Joachim Lohmann, langjähriger Vorsitzender der GGG, stellt sich gegen die gesellschaftspolitischen Vorbehalte und überkommenen Mythen. Auf der Basis der PISA-Daten hat er allein, was eigentlich die Aufgabe einer mit hinreichend Ressourcen ausgestatteten Kommission gewesen wäre, sorgfältig die gängigsten Einwände gegen die Strukturreform auf ihre statistische Haltbarkeit überprüft.
Ausgangspunkt von Lohmanns Beitrag sind die sozialen Leistungsunterschiede, die nur in wenigen Staaten der OECD größer sind als in Deutschland. Nach seinen Analysen sind es weder die ethnischen noch die genetischen Unterschiede noch die Sozialstruktur, die die Unterschiede zwischen den Staaten bewirken. Der Leistungsunterschied von Schülerinnen und Schülern, seien sie sozial bevorzugt oder benachteiligt, beträgt in Deutschland 3 ½ Schuljahre, je nachdem, ob sie sozial privilegierte oder unterprivilegierte Schulen besuchen. Er differiert auch zwischen verschiedenen Staaten, aber in keinem Land stärker als in Deutschland.
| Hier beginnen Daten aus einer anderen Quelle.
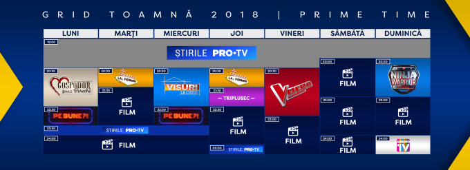 Pro TV, the leading TV channel in Romania, dropped its twenty-two-year-old logo on 28 August 2017 and introduced a new logo with an interpunct (PRO·TV). This was part of a larger corporate rebrand with all eight of Central European Media Enterprises TV channels for Romania (five SD and three HD channels) and, for some of them, introducing the Pro brand (stylised as PRO·). The corporate typeface for all channels is Mostardesign’s Filson.
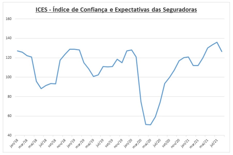 Em agosto, em relação ao mês anterior, o otimismo do setor de seguros continuou, mas a sua intensidade diminuiu.

Die Differenz kann nur durch die strukturelle Schulsituation erklärt werden.
Auch der so hochgejubelte Elementarbereich kann die Schulunterschiede nicht aufwiegen, denn andere Staaten schaffen den Leistungsvorsprung auch unabhängig vom Kindergarten.
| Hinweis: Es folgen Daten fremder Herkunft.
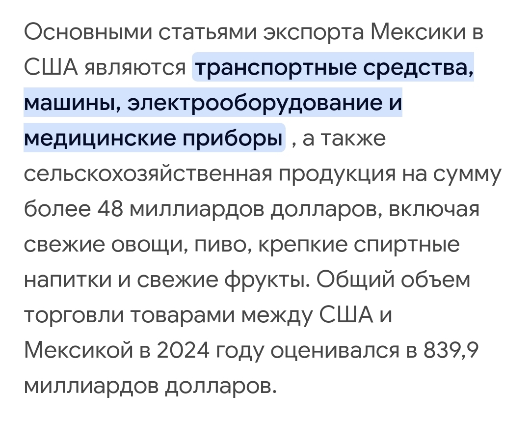 Мексика это сборочный цех для Китая и других производителей и она экспортирует в США огромное количество высокотехнологичных товаров.
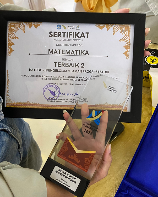Program Studi Matematika Institut Teknologi Sumatera (ITERA) berhasil meraih peringkat kedua dalam Anugerah Humas ITERA 2024 untuk kategori Pengelolaan Laman Program Studi Terbaik. Penghargaan ini diberikan langsung oleh Rektor ITERA dalam rangkaian acara Dies Natalis ke-9 ITERA sebagai apresiasi atas konsistensi tim humas Prodi Matematika dalam mengelola laman resmi program studi.
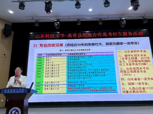 为进一步加强高校与中学的交流合作,为广大考生提供更全面、准确的报考信息,6月27日,教务处副处长兼招生办副主任刘勇、公司党委副书记兼副经理田静带队赴淄博高青一中开展了招生宣讲活动,化工系主任徐冬梅教授参加了本次招生宣传活动。
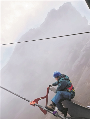 12月12日,黄山顶上零下3摄氏度,玉屏索道的检修工在测量索道进站导轨位置。汪刚 摄
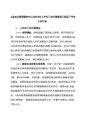 x县农业管理服务中心2023年上半年工作开展情况汇报及下半年工作计划一、上半年工作开展情况(一)农民增收。持续实施工资性收入倍增、财产性收入扩量、经营性收入壮大、转移性收入提升“四大行动”。组织参加x县2023年农村常住居民人均可支配收入记账培训,深入x镇x村、x乡x村等开展农民收入和农村固定观察点记账培训。在10个农民收入样本点村各确定1名局领导干部和1名经办业务人员联系服务10户记账户,确保收入记账数据质量。预计上半年农村常住居民人均可支配收入x元,同比增速10.9%。(二)新型农业经营主体培育。印发《关于进一步做好新型农业经营主体培育和规范提升的通知》等文件,新认定农村产业发展带头人10...

Selbst die Wirkung der Ganztagsschule, die viele nur widerstrebend und in der Hoffnung, sich damit der Strukturfrage entledigen zu können, eingeführt haben, ist begrenzt. Sie schafft nur dann mehr Chancengleichheit, wenn sie in einem sich als human und sozial verstehenden Schulkonzept realisiert wird. Mit anderen Worten: Sie wirkt am positivsten als Gesamtschule.
So hat Lohmann weitere Einwände unter die Lupe genommen und ist zu überraschenden Ergebnissen gekommen. Z.B. ist das Schülerverhalten nicht nur individuell und gesellschaftlich bedingt, sondern ebenfalls durch die Schulstruktur mitbestimmt. Sicher kommt es auf die Lehrerin und den Lehrer an, aber die Beziehung zu den Schülerinnen und Schülern, das Klima, das sie verbreiten und wie stark sie motivieren, hängt erheblich von der Schulstruktur ab.
Mithin bleibt die Reform der Schulstruktur der entscheidende Faktor, um die Chancengleichheit zu erhöhen und die Leistung bei allen zu steigern. Längeres gemeinsames Lernen erhöht nicht nur die Lern- und Entwicklungschancen der Kinder und Jugendlichen. Es hat auch positive Folgewirkungen auf das gesellschaftliche Miteinander und die Arbeitsmarktpolitik. Wie will die Bundesrepublik denn die von ihr ratifizerte Behindertenrechtskonvention einlösen, wenn sie schon im schulischen Bereich versagt?
Lohmanns eindrucksvolle Analyse wird heftige Reaktionen hervorrufen. Aber Gegenwind gehört zur Geschichte der GGG, solange sie ihr Kernthema nicht aus den Augen verliert.